● **Task requirements**
What is needed is an exact copy of the entries below, from the line that contains "Penlight Flashlight holder" through the final line, both included, and nothing else.

● **Given entries**
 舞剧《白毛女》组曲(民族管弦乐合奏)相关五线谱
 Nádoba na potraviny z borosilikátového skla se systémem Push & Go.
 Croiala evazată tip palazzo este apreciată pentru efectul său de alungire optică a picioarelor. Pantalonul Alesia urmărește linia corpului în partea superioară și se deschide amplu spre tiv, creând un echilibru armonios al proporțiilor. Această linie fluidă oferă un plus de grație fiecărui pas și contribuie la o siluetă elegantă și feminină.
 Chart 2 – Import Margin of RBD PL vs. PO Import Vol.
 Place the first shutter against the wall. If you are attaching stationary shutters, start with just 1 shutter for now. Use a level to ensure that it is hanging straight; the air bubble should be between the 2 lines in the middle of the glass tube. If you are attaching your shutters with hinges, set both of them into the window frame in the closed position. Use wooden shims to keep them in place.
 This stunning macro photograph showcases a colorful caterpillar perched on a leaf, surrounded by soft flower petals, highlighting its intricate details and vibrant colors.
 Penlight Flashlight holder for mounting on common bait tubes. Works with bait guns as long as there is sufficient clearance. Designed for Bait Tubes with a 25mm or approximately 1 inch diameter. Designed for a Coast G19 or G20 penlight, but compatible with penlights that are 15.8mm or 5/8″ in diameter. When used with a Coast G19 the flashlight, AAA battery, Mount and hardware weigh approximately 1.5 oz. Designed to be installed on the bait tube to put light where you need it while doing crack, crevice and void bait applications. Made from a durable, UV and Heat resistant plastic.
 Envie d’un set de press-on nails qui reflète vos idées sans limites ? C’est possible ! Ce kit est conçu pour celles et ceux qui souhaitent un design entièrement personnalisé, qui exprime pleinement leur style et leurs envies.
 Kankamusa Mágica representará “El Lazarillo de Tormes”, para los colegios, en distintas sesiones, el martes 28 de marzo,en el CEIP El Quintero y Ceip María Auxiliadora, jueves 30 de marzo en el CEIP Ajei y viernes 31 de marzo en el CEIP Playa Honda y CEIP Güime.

● **Exercise output**
 Penlight Flashlight holder for mounting on common bait tubes. Works with bait guns as long as there is sufficient clearance. Designed for Bait Tubes with a 25mm or approximately 1 inch diameter. Designed for a Coast G19 or G20 penlight, but compatible with penlights that are 15.8mm or 5/8″ in diameter. When used with a Coast G19 the flashlight, AAA battery, Mount and hardware weigh approximately 1.5 oz. Designed to be installed on the bait tube to put light where you need it while doing crack, crevice and void bait applications. Made from a durable, UV and Heat resistant plastic.
 Envie d’un set de press-on nails qui reflète vos idées sans limites ? C’est possible ! Ce kit est conçu pour celles et ceux qui souhaitent un design entièrement personnalisé, qui exprime pleinement leur style et leurs envies.
 Kankamusa Mágica representará “El Lazarillo de Tormes”, para los colegios, en distintas sesiones, el martes 28 de marzo,en el CEIP El Quintero y Ceip María Auxiliadora, jueves 30 de marzo en el CEIP Ajei y viernes 31 de marzo en el CEIP Playa Honda y CEIP Güime.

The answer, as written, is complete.